Когда Егор приехал в Сузём, десятник Иван Иванович, отводя ему делянку, объяснил
строго:
– Три плотных кубометра – норма. Понятно? Не дашь нормы – не выходи из лесу. Так?
Делянку я тебе отвожу баскую, не сосняк, а ровная конопля. Ясно?
– Вроде ясно, – хмыкнул Егор. – Нам норма ни при чём, хоть плотная, хоть рыхлая, все
одно...
– Как так ни при чем! – возмутился десятник. – Ты, браток, шутки не шути. В лес
приехал, не куда-нибудь, понимать должен. И никакой рыхлой нормы не бывает. Бывает
складочный и плотный кубометр, по техминимуму. Да ведь ты техминимума-то и не нюхал.

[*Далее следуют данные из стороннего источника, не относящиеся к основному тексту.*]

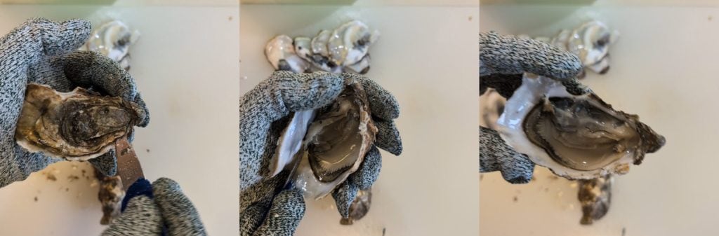 Ahora, equipados con el kit para abrir ostras, es decir, guantes y cuchillo bien afilado, identifica la bisagra de la ostra, que es el punto donde las dos valvas se unen. Coloca suavemente la punta del cuchillo en ese punto y, con un ligero movimiento rotatorio, deslízala hacia adentro unos milímetros. Una vez que la punta del cuchillo haya penetrado, deslízala suavemente a lo largo del borde interno de la concha superior hasta abrirla completamente. Con la hoja del cuchillo, separa el fruto de la concha superior y repite la operación con el resto de las ostras.
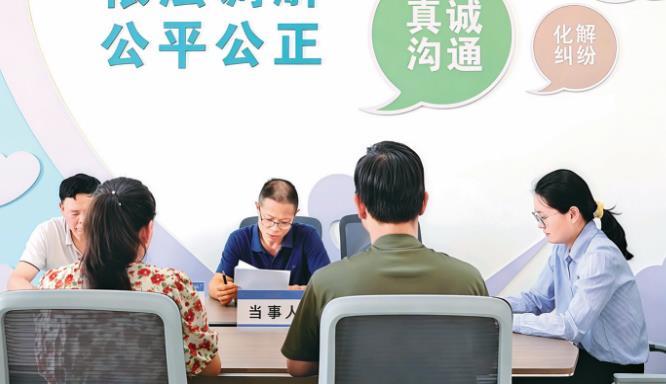 圖為律師張琴(右一)在永定鎮(zhèn)司法所參與調(diào)解。
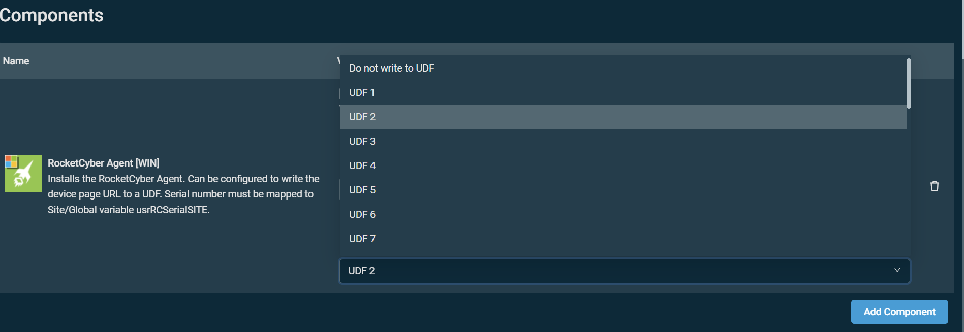 6. In the Components section, if you would like to populate a user-defined field (UDF) for RocketCyber, select any unpopulated UDF from the list. Refer to User-defined fields. When viewing a Datto RMM device mapped to RocketCyber, the RocketCyber UDF will be configured as a link to the corresponding RocketCyber device page, allowing you to open RocketCyber device details directly from Datto RMM.
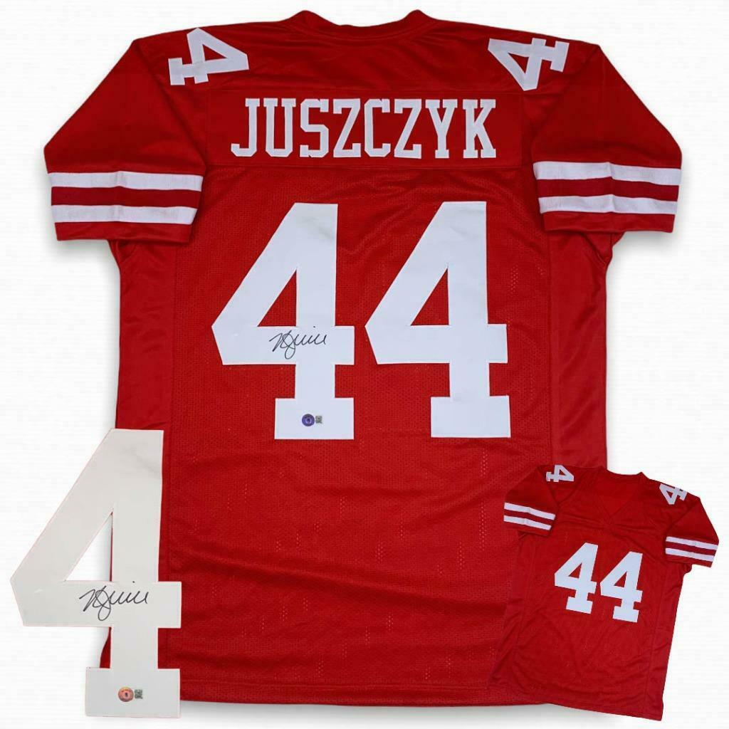 This signed item is brand new without tags or logos. This jersey is custom sewn in a size 52 (XL). All the letters and numbers are sewn on! This item will make a great gift or a great addition to any collection at an AFFORDABLE PRICE! ATHLETE: Kyle Juszczyk ITEM: Custom Sewn Jersey AUTHENTICATION: This item comes with a Beckett Certificate of Authenticity and serial #'ed hologram affixed to the item. To ensure authenticity, the hologram can be reviewed online. This process helps to ensure that the product purchased is authentic and eliminates any possibility of duplication or fraud. NOTE: All of our autographed jerseys are custom jerseys, unless otherwise noted. Our custom jerseys are NON-BRANDED, have NO logos, NO tags, NO patches, NO emblems. All letters and numbers are SEWN-ON. The non-branded jerseys are made specifically for the player(s) to sign, for collectible purposes.
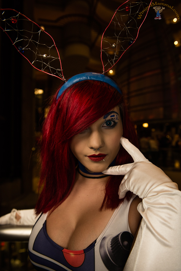 This is a picture of R2D2 from Star Wars as a Playboy Bunny at Dragon Con 2014 during the Bunny Hutch party!
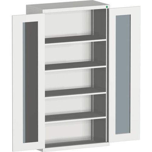Dílenská skříň s průhlednými dveřmi Bott Cubio, 200 x 105 x 52,5 cm, 4 police, šedá-šedá
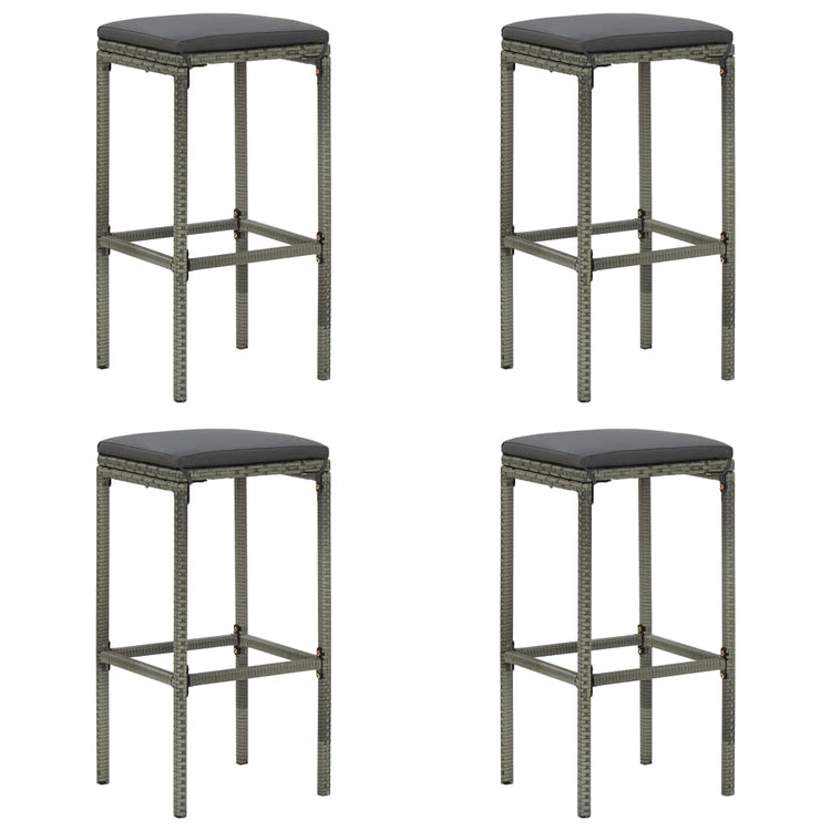 HKH 5 Pcs Conjunto de Bar P/ Jardim C/ Almofadões Vime Pe - Cinzento
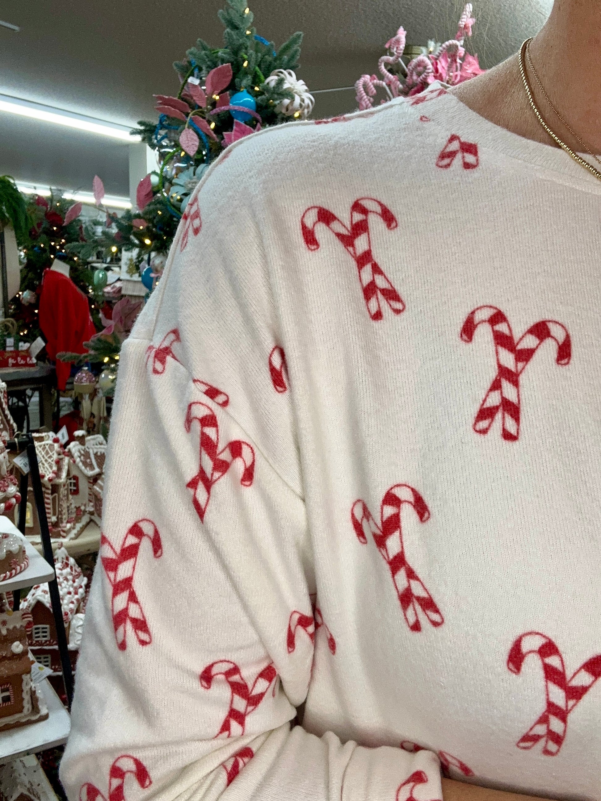 A comfy long sleeve crew neck and matching drawstring bottoms, this candy cane set is fleece! This is perfect as a pajama set or lounge wear too!
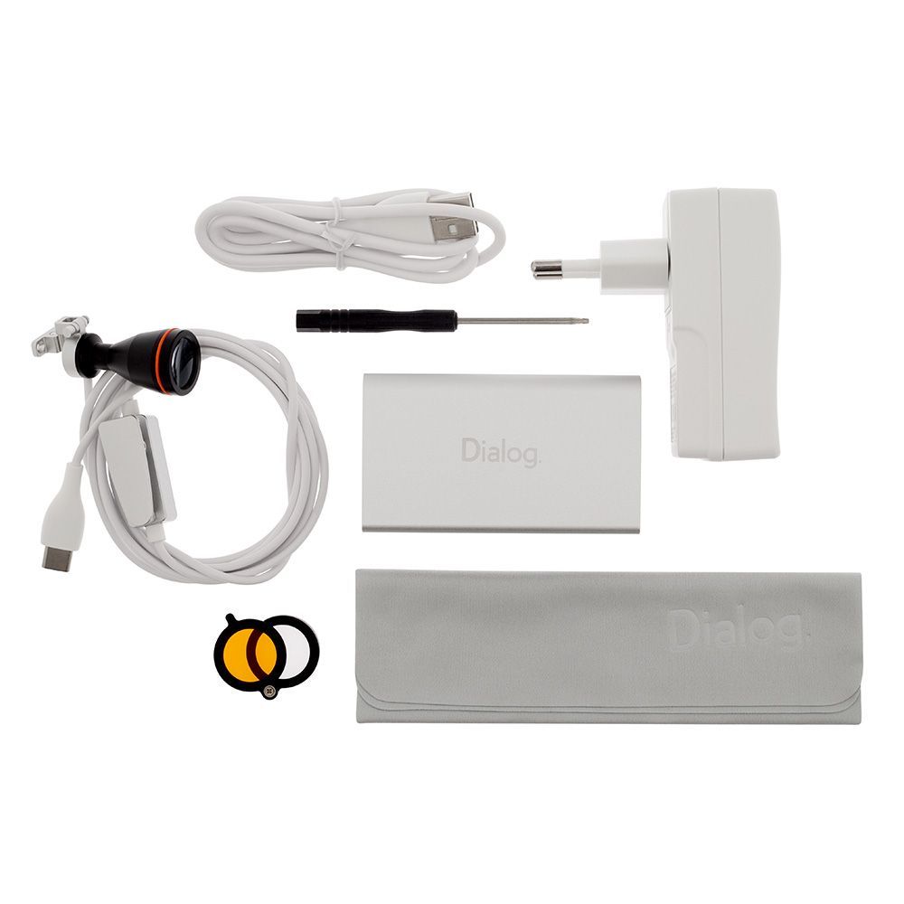 Увеличение на выбор x3 или x3.5. Яркость освещения 35 000 Лк. Портативный аккумулятор.

– Ты уж тут считай, как знаешь, на то тебя и начальством поставили, – добродушно
согласился Егор. – А моё дело лес рубить. Вот напарника бы найти...
– Возьми-ко вон Ваську Белого, – предложил десятник. – Никто беднягу в напарники не
принимает.
В ту пору, когда Егор Бережной с Васькой Белым взялись за ручки пилы, в Сузёме
появились первые тракторы и сам этот лесной поселок получил горделивое имя тракторной
базы. Егор немало чертыхался, усмиряя Рыжка, напуганного трескотней невиданных машин.
И он же от души восхищался, глядя, какой возище тащила играючи эта окаянная машина.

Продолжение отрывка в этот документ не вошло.